EXERCISE:
Lower down are entries containing pictures. Copy exactly, without those pictures, the lines from the line with "Gewicht: 204 kg" through the line with "Funciona con esferas".

[Stored dataset items]
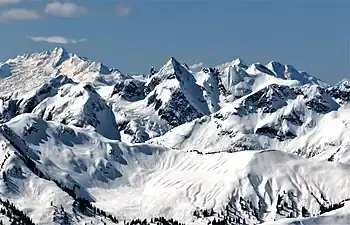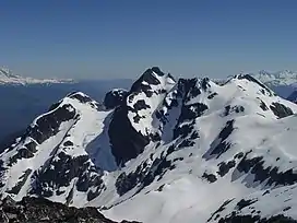 Tricouni Peak is a mountain located south of Cypress Peak on the Squamish-Cheakamus divide within the Pacific Ranges of the Coast Mountains in southwestern British Columbia, Canada. It was named in 1931 by Tom Fyles et al., the first ascent party. According to Tom Fyles himself,[3] "Tricouni Mountain was the name suggested for the peak, as from a distance it had the appearance of three cones". A misinterpreted "resemblance to a 3-pointed tricouni boot nail" was mentioned only much later, and not by Fyles. The name "Tricouni Peak" was adopted on 22 June 1967.[4]
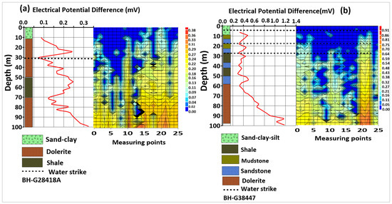 This section details the analysis and interpretation of results from the survey conducted in the middle catchment area along reference boreholes G028418A, and G038447 (Figure 13a,b). The groundwater level of these two boreholes was measured to be 3.86 m and 4.77 m (Table 1). The two profile images reveal weathered vertical fractures at depths ranging from 20 m to 75 m between measurement points 12 and 22 (Figure 13a), and at depths from 10 m to 30 m between points 3 and 15 (Figure 13b). The positioning and dip of these fractures may indicate potential groundwater recharge zones and areas of preferential flow for groundwater–surface water interactions. The relatively low potential difference (<0.3 mV) suggests weathered and fractured zones composed of clay, shale, sandstone, or mudstone, which could be potential recharge or groundwater occurrence zones. Conversely, a high divergence in the EPD curve up to 0.5 mV at a depth between 20 m and 50 m indicates shallow compacted hard rock formations, like dry fractured sandstone, and 0.65 mV at a depth between 70 m and 100 m point to deep fractured dolerite formation (Figure 13a,b). These findings align with Gomo’s study, which indicated that higher electric potential differences are associated with electrically resistive formations like fresh dolerite and dry sandstone. Similarly, Oyegoke et al. [20] reported that deep vertical dark blue and light blue colors signify significant vertical fracturing. The results of this study are consistent with lithological data calibrations and water level elevations, suggesting that the primary aquifer consists of alluvial sediments at shallow depths and fractured, weathered gneiss at greater depths. According to Faleye et al. [40,41] aquifers connected to river channels are recharged by these faults or fractured systems.
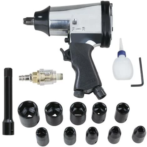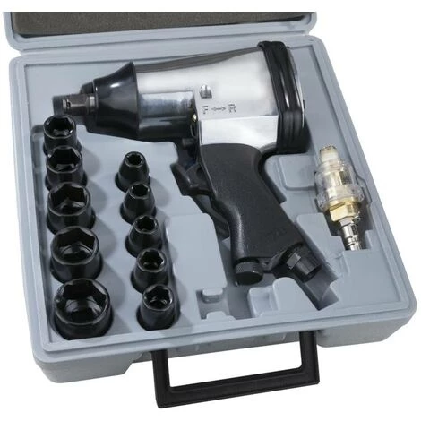 * Für den Einsatz in Werkstätten beim Reifenwechsel * Ideal für Montagearbeiten. * Rechts-/Links-Lauf mit einfacher Umschaltung Technische Daten * Drehzahl 7000 min-1 * Drehmoment 312 Nm * Luftbedarf Ø: 141 L/min * Antrieb: ½ * Druckluftanschluss: R ¼ Lieferumfang * 10 x 1/2 Steckschlüssel (9 / 10 / 11 / 13 / 14 / 17 / 19 / 22 / 24 / 27 mm) * 1 x Verlängerung 125 mm * 1 x Mini-Öler * 1 x Öl-Fläschchen (leer) * 1 x 4 mm Sechskantschlüssel * 1 x Druckluftanschluss * 1 x Abdeckkappe * Inklusive Transportkoffer Abmessungen (L x B x H): 180 x 198 x 60 mm Gewicht: 204 kg
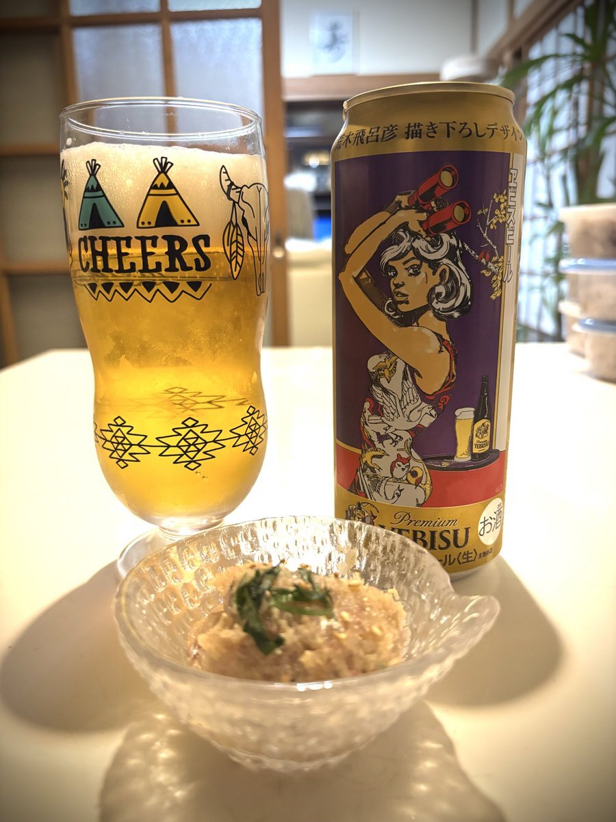 勇助くんから7周年祝いに頂いたジョジョの奇妙な冒険作者の荒木飛呂彦先生デザインのエビスビールを頂きます🍺 スーパーで鯵が余りにも舐めた態度をしていたのでブン叩いてなめろうにしてやりました、汚いアイスクリームじゃないです🐟 pic.x.com/TX36bX73kv
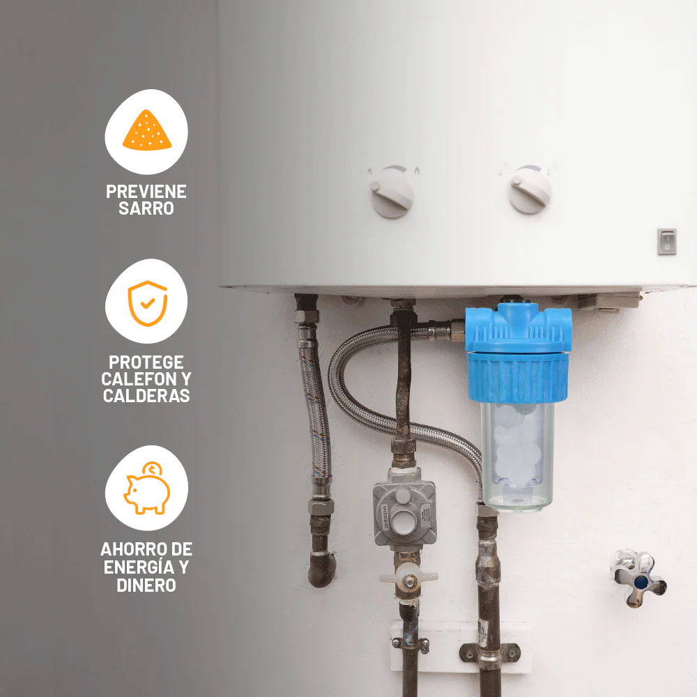 Funciona con esferas de polifosfato que mantienen en suspensión el calcio y el magnesio evitando que estos se junten y por lo tanto formen sarro. Es importante tener en cuenta que este filtro de sarro para calefont no elimina el sarro 100%, previene su formación dejando el calcio y magnesio en suspensión. A diferencia de nuestro filtro para calefont anterior, este filtro antisarro reemplaza solo los cristales de polifosfatos que hay en su interior, logrando así un ahorro económico y una mayor eficiencia en remoción de sarro ya que remueve hasta 500ppm, no instalar en contacto al sol.
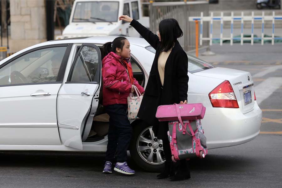 Una madre lleva la mochila a su hija mientras que se baja del coche para ir a la Escuela Primaria Experimental Huajadi en Beijing el 25 de febrero de 2019. [Foto por Wang Zhuangfei / chinadaily.com.cn]
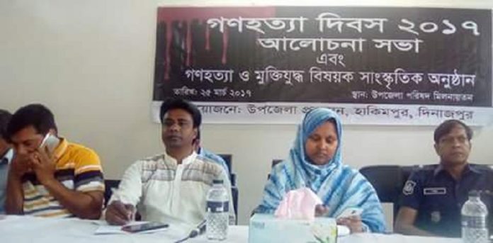 মোঃরাজন আলী,হিলি সংবাদদাতাঃ দিনাজপুরের হাকিমপুর উপজেলা প্রশাসনের উদ্যোগে গণহত্যা দিবস পালন করা হয়েছে। দিবসটি পালনে শনিবার বেলা ১০ টায় উপজেলা পরিষদ হলরুমে নির্বাহী অফিসার শুকরিয়া পরভীনের সভাপতিত্বে আলোচনা সভায় বক্তব্য রাখেন, হাকিমপুর উপজেলা আওয়ামী লীগের সিনিয়র সহ-সভাপতি অধ্যাপক আব্দুস সাত্তার মন্ডল, সাংগঠনিক সম্পাদক সোহরাব হোসেন মল্লিক, পৌর মেয়র জামিল হোসেনসহ বিভিন্ন শিক্ষা প্রতিষ্ঠানের শিক্ষার্থীরা।

OUTPUT FOR THIS TASK:
 * Für den Einsatz in Werkstätten beim Reifenwechsel * Ideal für Montagearbeiten. * Rechts-/Links-Lauf mit einfacher Umschaltung Technische Daten * Drehzahl 7000 min-1 * Drehmoment 312 Nm * Luftbedarf Ø: 141 L/min * Antrieb: ½ * Druckluftanschluss: R ¼ Lieferumfang * 10 x 1/2 Steckschlüssel (9 / 10 / 11 / 13 / 14 / 17 / 19 / 22 / 24 / 27 mm) * 1 x Verlängerung 125 mm * 1 x Mini-Öler * 1 x Öl-Fläschchen (leer) * 1 x 4 mm Sechskantschlüssel * 1 x Druckluftanschluss * 1 x Abdeckkappe * Inklusive Transportkoffer Abmessungen (L x B x H): 180 x 198 x 60 mm Gewicht: 204 kg
 勇助くんから7周年祝いに頂いたジョジョの奇妙な冒険作者の荒木飛呂彦先生デザインのエビスビールを頂きます🍺 スーパーで鯵が余りにも舐めた態度をしていたのでブン叩いてなめろうにしてやりました、汚いアイスクリームじゃないです🐟 pic.x.com/TX36bX73kv
 Funciona con esferas de polifosfato que mantienen en suspensión el calcio y el magnesio evitando que estos se junten y por lo tanto formen sarro. Es importante tener en cuenta que este filtro de sarro para calefont no elimina el sarro 100%, previene su formación dejando el calcio y magnesio en suspensión. A diferencia de nuestro filtro para calefont anterior, este filtro antisarro reemplaza solo los cristales de polifosfatos que hay en su interior, logrando así un ahorro económico y una mayor eficiencia en remoción de sarro ya que remueve hasta 500ppm, no instalar en contacto al sol.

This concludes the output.